Approximate Query Processing
Submitted by DEEPAK GOYAL (@zonker) on Saturday, 31 March 2018
Data Analysts are constantly exploring for various forms of data and searching for new insights to make better decisions for their businesses. Email marketing team at Walmart relies heavily on Customer Segmenter, an in-house tool, which figures out which customers are best suited for an email advertisement based on various attributes. Conducting these data analytics were very costly though, both in terms of time and cluster resources, where even a simple query could take minutes to hours to complete. Most of the time, it is challenging for the analysts to know if their query is going to give them the information they need until they actually run their query and see the results and quite often they have to modify their query several times but the good thing is they don’t need exact results.

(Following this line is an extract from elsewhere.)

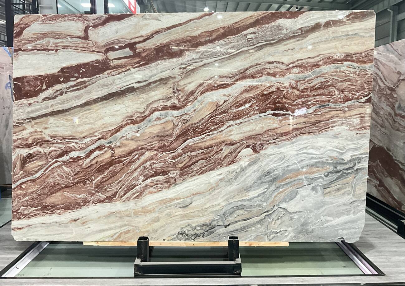 Śmiały i unikalny wygląd: głęboka czerwona podstawa to siła napędowa projektu – od razu przyciąga wzrok i stanowi naturalny punkt centralny w każdym luksusowym wnętrzu. W minimalistycznych przestrzeniach dodaje śmiałego akcentu kolorystycznego, który łamie neutralne kolory bez powodowania konfliktów; w wnętrzach tradycyjnych komponuje się z bogatą drewnianą inkrustacją lub gildowanymi elementami, podkreślając klasyczną elegancję. Biało-złote żyłkowanie nadaje subtelny interesujący efekt wizualny, zapewniając, że kamień nie wygląda jednowymiarowo – przy każdym spojrzeniu odkrywa nowe detale swojego wzoru.
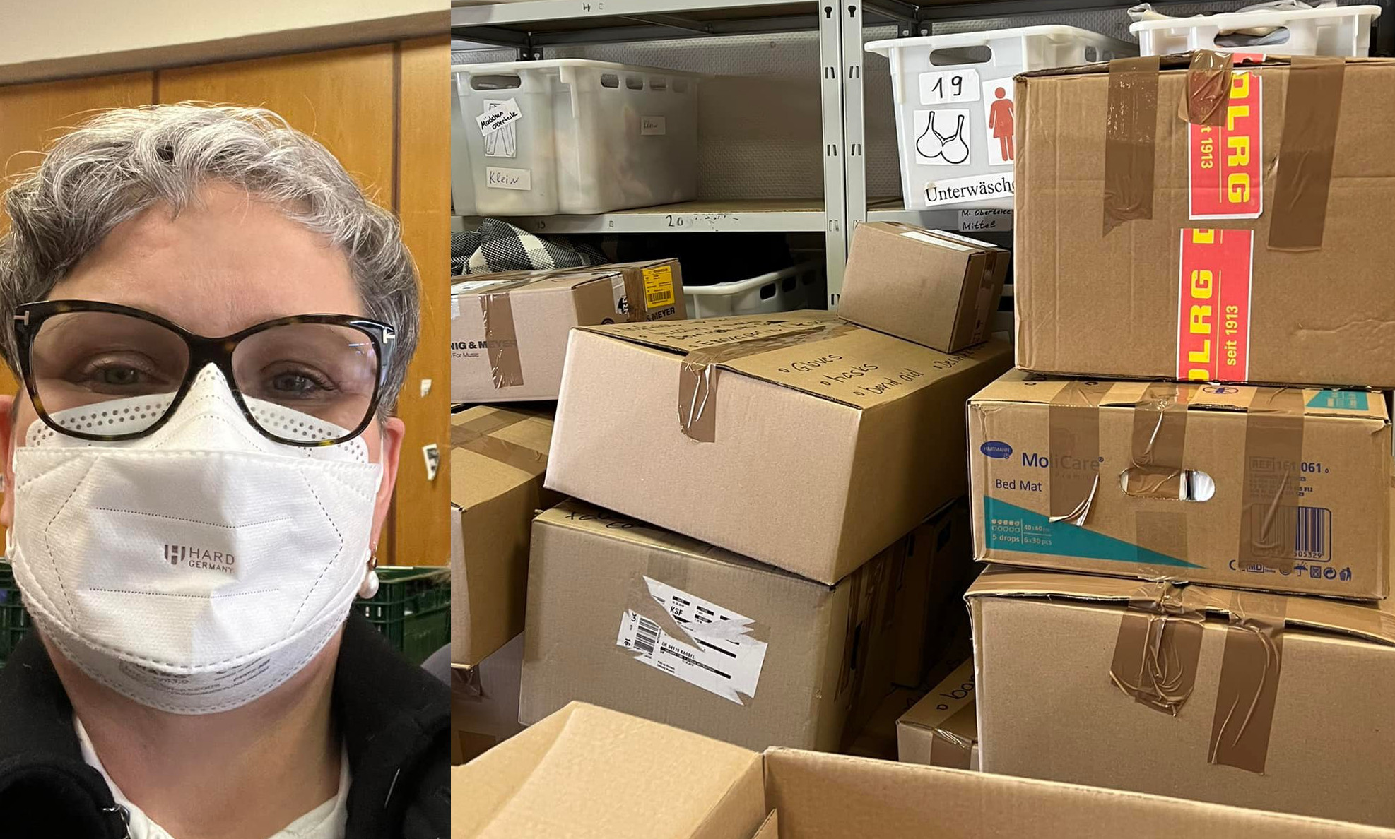 Apothekerin Bettina De Schrijver half mit, eine Hilfslieferung für die Ukraine zu sortieren und zu packen.Fotos: Regenbogen-Apotheke

To save marketing team from this painstaking experience, we use Verdict, a next generation query processor, which can save 100x-200x computational costs of your existing cluster. Verdict provides an immediate answer that is 99.9% accurate where as our analysts were okay with an error bound of five percent. An immediate results helps our analysts whether to go ahead and run the full query or modify their query to better fit an email campaign. Verdict is compatible with all existing SQL based databases and big data engines like Hive and spark for example.
- Intro Slide
- About me.
- Data Analytics
- Email Marketing at Walmart
- Problem Statement: Conducting data analytics is time and resource consuming job. Most of the time the analysts don’t even know if their query is going to give them the information they need until they actually run their query and see the results and quite often they have to modify their query several times. An approximate result would have helped them making an early decision.
- Introduction to VerdictDB
- Compatibility with existing SQL engines
- Features of Verdict
I’m sharing my experiences I’ve had at Walmart to solve a problem of long-running, resource consuming and often futile queries of Customer Segmentation faced by our Email Marketing team. Currently, I’m working on a in-house distributed database/streaming platform based on top of Kafka Streams for Walmart.